**Task:** Look below for the line containing "Магнитные бури в"; from there, print each line exactly up to and including the line containing "A 19TH CENTURY", and stop.

**Data for this exercise:**
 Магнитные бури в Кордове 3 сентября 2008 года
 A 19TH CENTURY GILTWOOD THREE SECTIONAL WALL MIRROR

...

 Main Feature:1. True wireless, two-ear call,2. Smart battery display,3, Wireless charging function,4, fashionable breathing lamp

**Final answer:**
 Магнитные бури в Кордове 3 сентября 2008 года
 A 19TH CENTURY GILTWOOD THREE SECTIONAL WALL MIRROR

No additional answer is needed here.